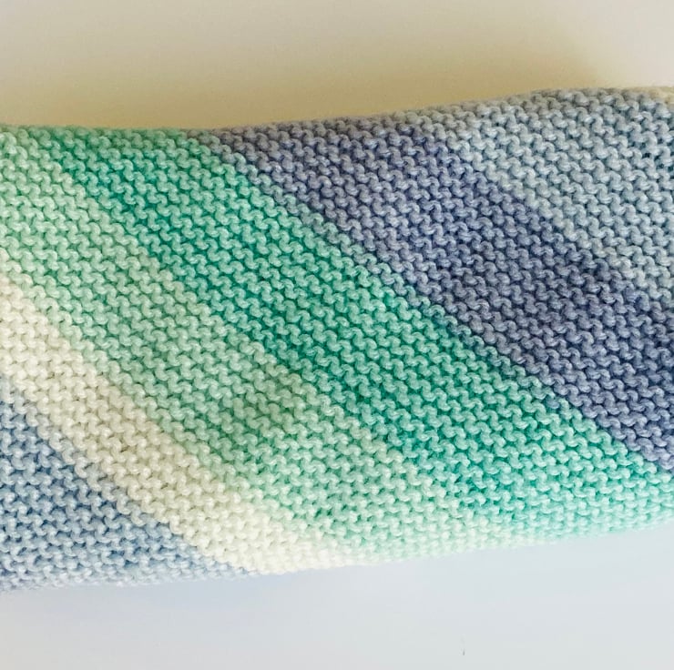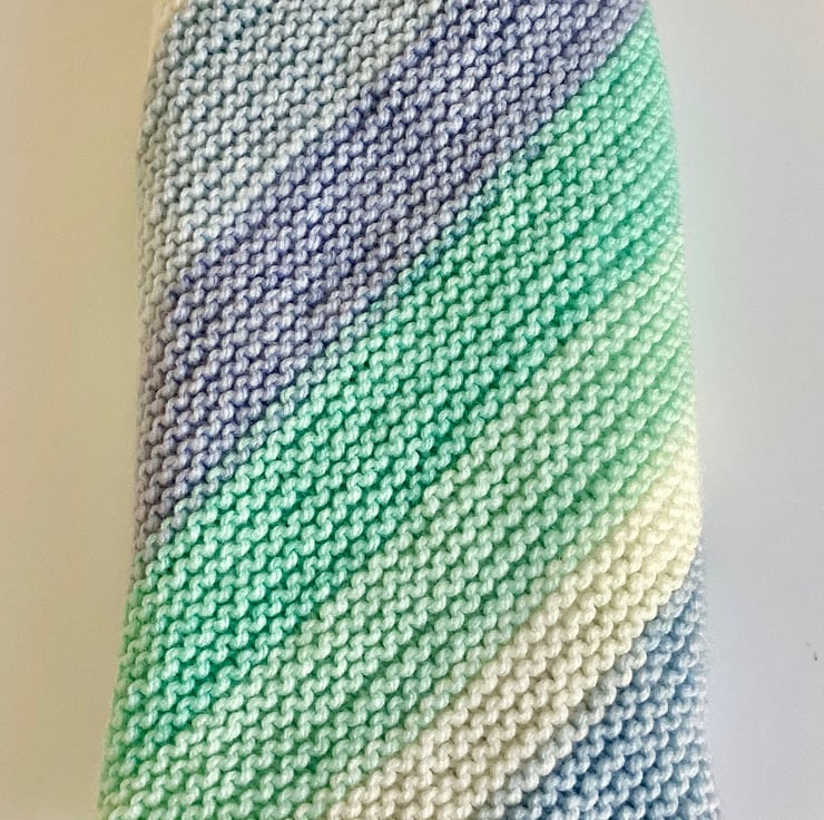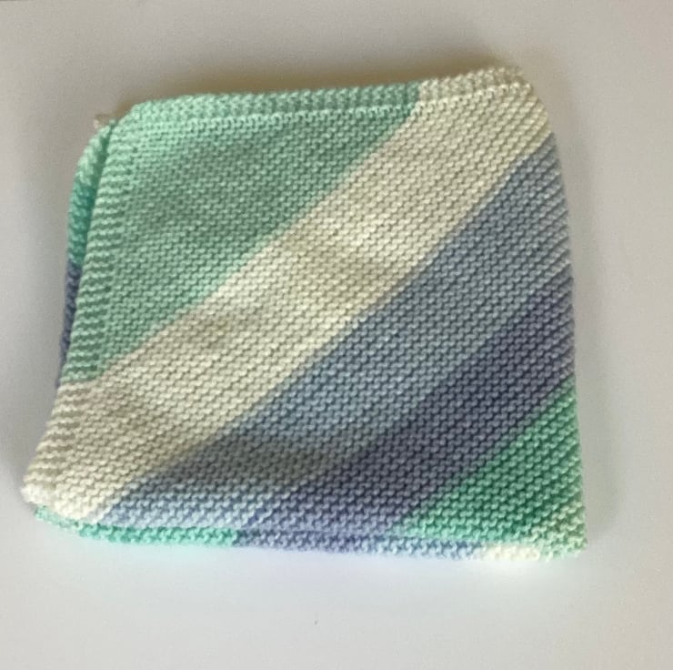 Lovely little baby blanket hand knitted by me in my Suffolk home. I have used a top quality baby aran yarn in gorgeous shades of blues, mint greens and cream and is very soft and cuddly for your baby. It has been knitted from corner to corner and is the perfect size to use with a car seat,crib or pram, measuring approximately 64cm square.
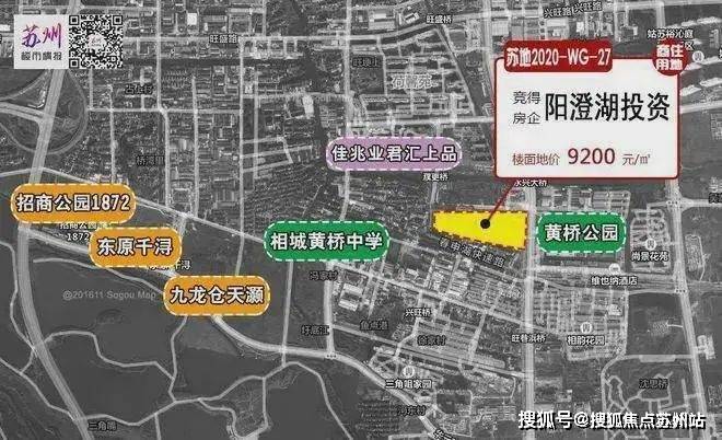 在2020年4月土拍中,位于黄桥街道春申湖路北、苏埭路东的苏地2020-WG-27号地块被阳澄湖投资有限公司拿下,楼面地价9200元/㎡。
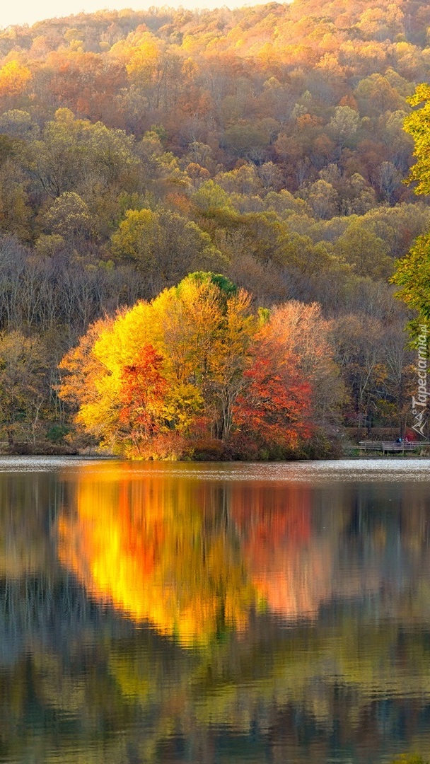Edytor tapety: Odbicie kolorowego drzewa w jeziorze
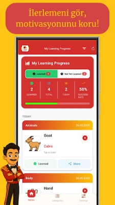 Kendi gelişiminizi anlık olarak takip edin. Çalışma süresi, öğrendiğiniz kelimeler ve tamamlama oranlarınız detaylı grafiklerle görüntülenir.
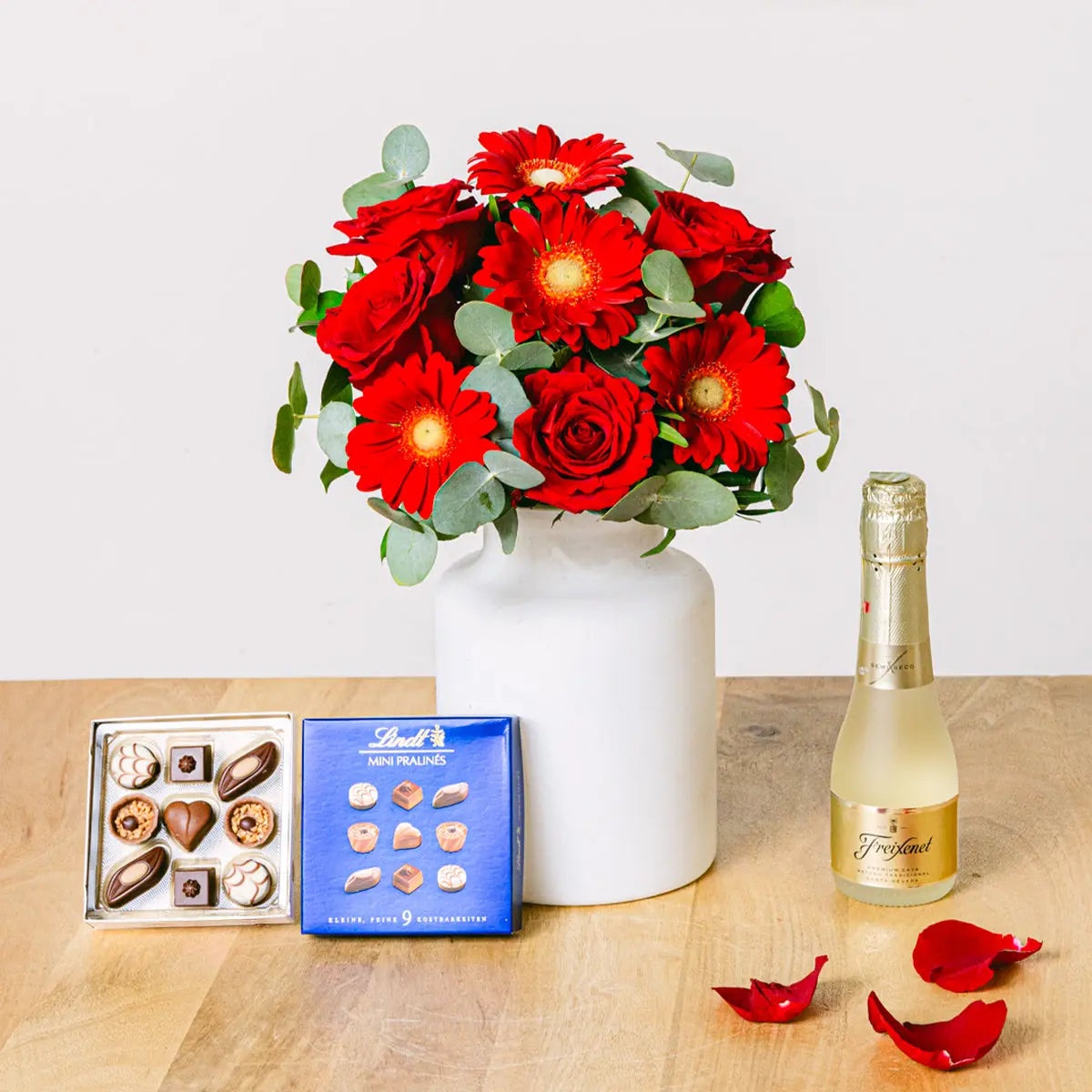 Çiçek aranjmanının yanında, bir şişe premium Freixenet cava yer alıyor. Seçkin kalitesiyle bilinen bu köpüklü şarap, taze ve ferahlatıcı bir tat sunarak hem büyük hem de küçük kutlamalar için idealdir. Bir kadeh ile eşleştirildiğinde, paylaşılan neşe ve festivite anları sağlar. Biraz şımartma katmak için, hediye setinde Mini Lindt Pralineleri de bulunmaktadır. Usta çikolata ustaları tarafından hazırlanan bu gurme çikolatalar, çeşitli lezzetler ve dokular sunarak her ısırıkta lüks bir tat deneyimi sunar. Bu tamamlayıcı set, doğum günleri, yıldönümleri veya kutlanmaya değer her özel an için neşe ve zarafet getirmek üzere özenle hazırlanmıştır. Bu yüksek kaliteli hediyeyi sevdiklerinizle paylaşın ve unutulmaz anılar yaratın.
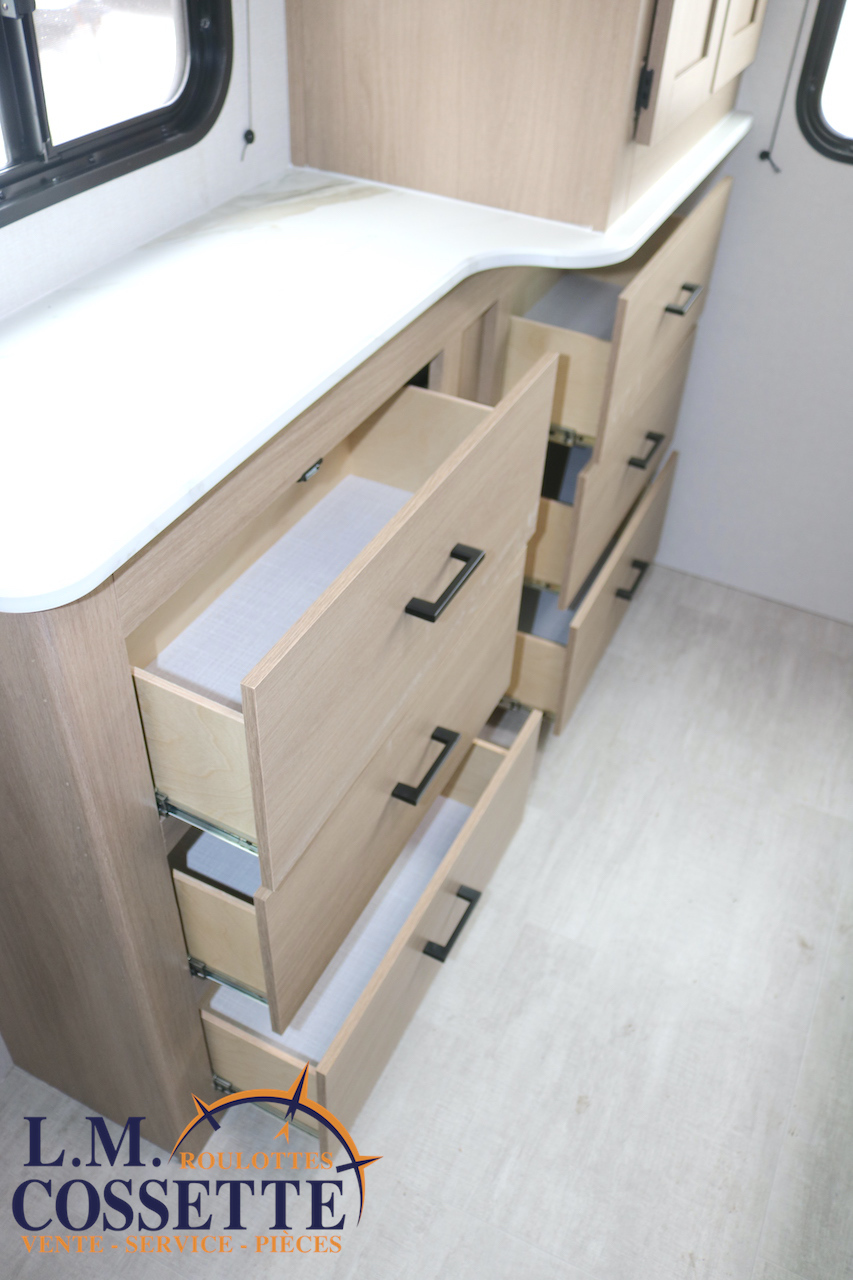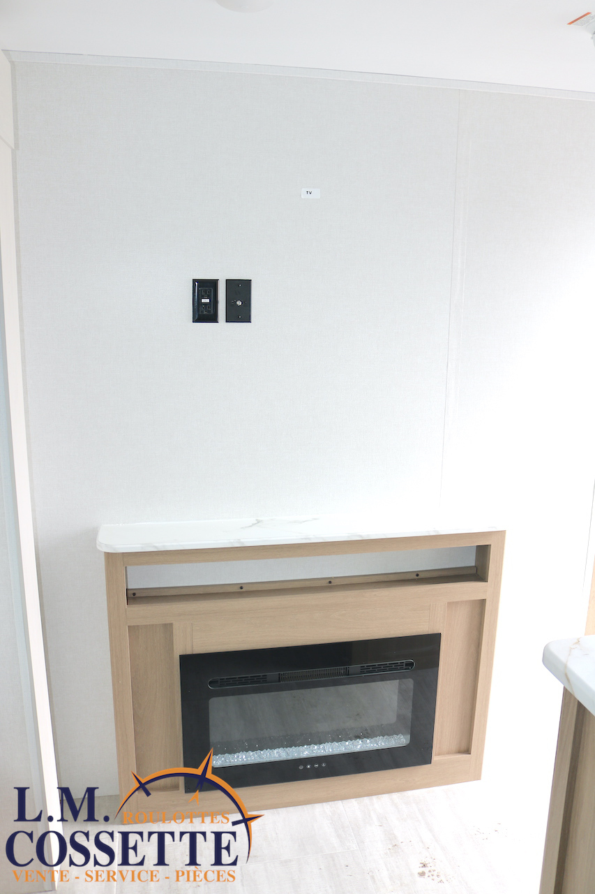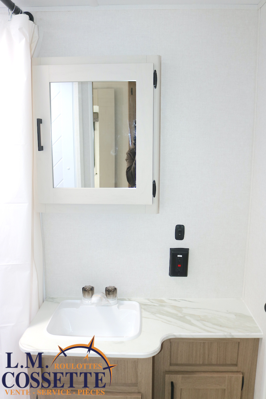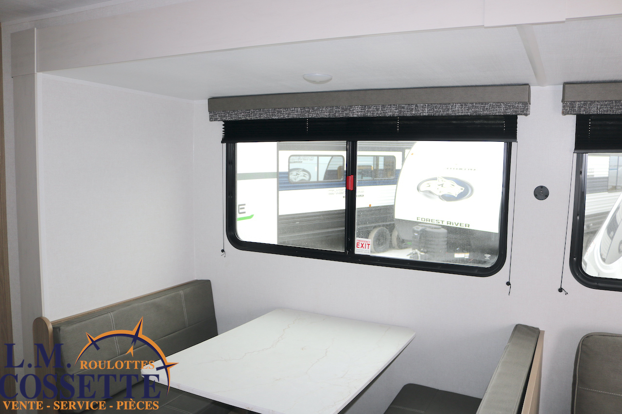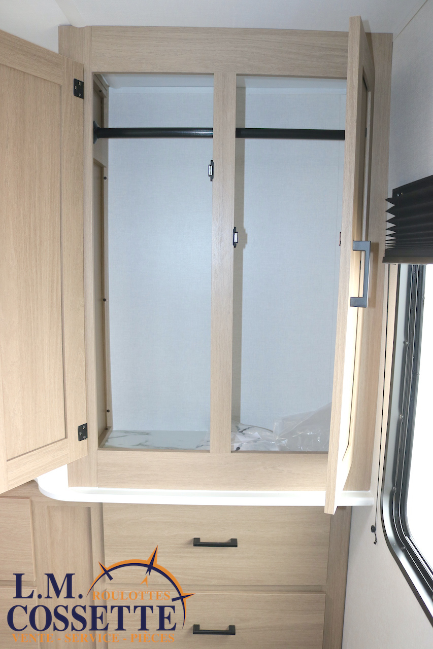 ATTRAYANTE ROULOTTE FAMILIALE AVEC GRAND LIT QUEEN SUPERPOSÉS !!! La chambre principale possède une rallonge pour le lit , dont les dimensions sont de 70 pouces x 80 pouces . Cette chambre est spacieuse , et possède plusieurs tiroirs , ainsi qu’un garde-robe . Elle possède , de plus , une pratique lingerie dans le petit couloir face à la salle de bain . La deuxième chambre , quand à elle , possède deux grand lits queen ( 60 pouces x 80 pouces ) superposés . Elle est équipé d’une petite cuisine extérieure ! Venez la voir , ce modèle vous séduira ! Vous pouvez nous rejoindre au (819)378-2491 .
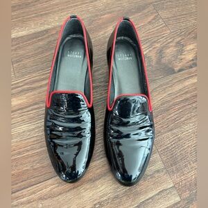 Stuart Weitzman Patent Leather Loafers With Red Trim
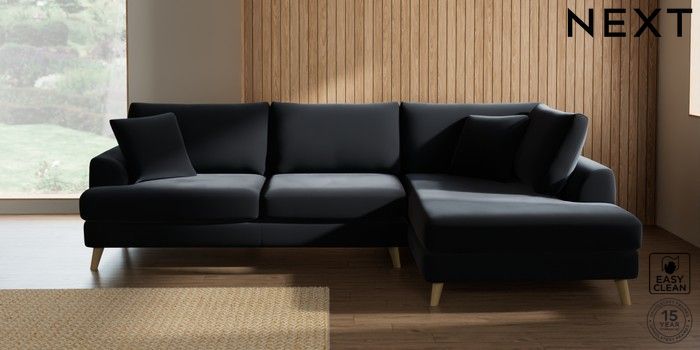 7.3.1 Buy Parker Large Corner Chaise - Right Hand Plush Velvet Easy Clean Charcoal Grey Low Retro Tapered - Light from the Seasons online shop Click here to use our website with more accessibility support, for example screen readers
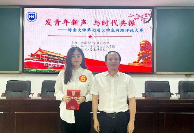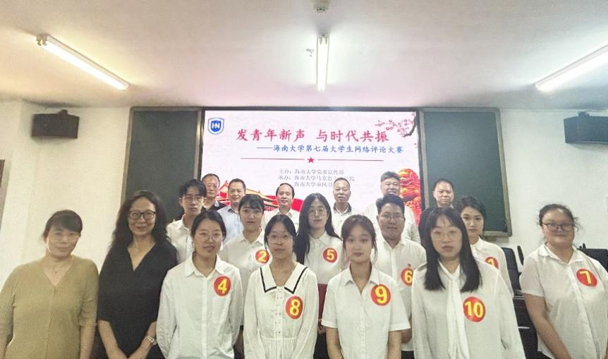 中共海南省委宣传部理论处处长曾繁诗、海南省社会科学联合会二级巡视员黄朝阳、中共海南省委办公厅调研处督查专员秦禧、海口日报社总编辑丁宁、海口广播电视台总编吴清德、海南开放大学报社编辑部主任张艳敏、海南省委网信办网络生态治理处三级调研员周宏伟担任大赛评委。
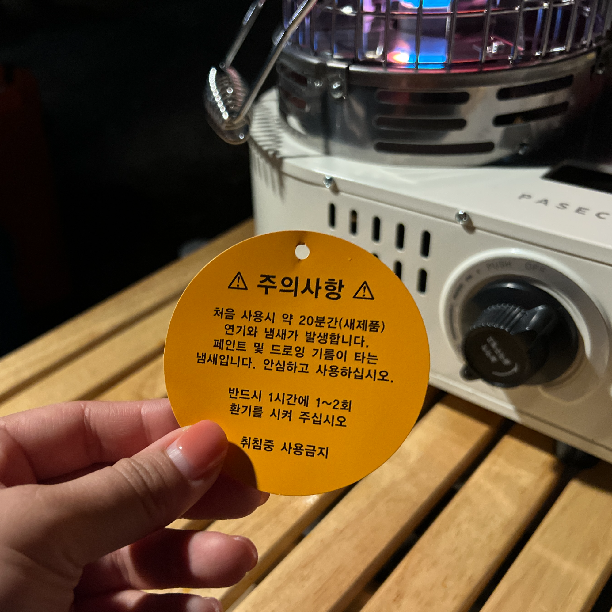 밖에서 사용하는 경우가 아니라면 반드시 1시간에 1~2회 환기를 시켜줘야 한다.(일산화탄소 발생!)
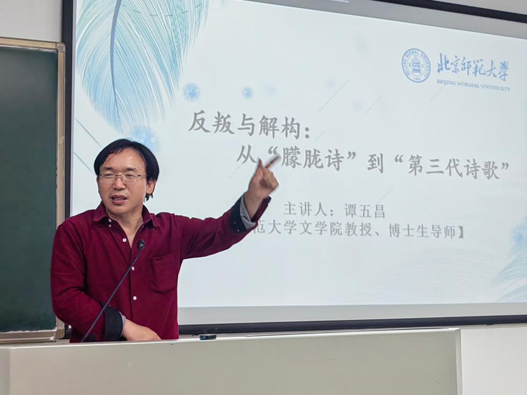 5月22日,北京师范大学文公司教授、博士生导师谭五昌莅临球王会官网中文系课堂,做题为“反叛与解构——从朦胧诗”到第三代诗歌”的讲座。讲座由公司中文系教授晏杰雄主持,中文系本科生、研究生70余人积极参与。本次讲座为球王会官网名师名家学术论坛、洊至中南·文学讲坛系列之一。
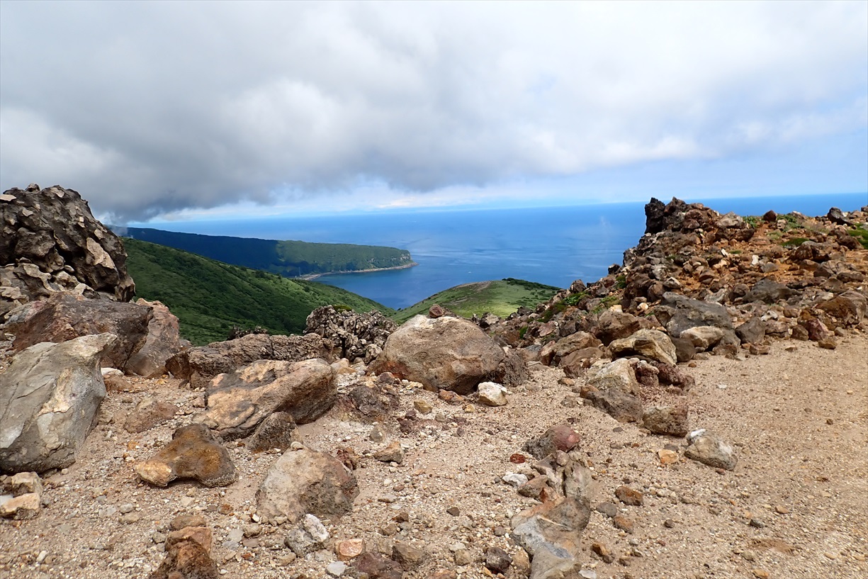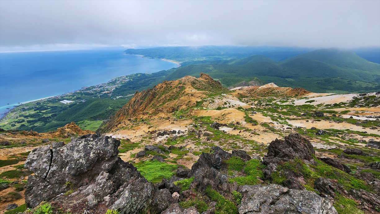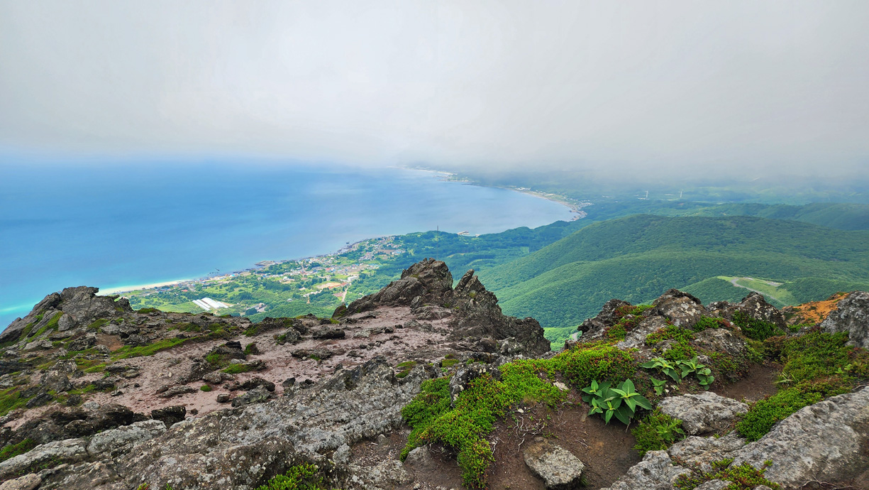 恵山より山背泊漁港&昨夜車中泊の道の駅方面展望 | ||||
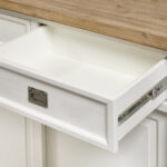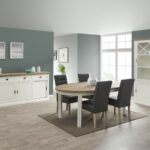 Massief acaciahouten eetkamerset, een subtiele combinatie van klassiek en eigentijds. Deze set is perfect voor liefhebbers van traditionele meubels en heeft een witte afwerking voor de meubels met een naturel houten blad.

**REQUIREMENT**
Write out verbatim the lines from the one containing "5月22日,北京师范大学文公" through the last line of the listing above, and no other lines; omit pictures.

**THE ANSWER**
 5月22日,北京师范大学文公司教授、博士生导师谭五昌莅临球王会官网中文系课堂,做题为“反叛与解构——从朦胧诗”到第三代诗歌”的讲座。讲座由公司中文系教授晏杰雄主持,中文系本科生、研究生70余人积极参与。本次讲座为球王会官网名师名家学术论坛、洊至中南·文学讲坛系列之一。
 恵山より山背泊漁港&昨夜車中泊の道の駅方面展望 | ||||
 Massief acaciahouten eetkamerset, een subtiele combinatie van klassiek en eigentijds. Deze set is perfect voor liefhebbers van traditionele meubels en heeft een witte afwerking voor de meubels met een naturel houten blad.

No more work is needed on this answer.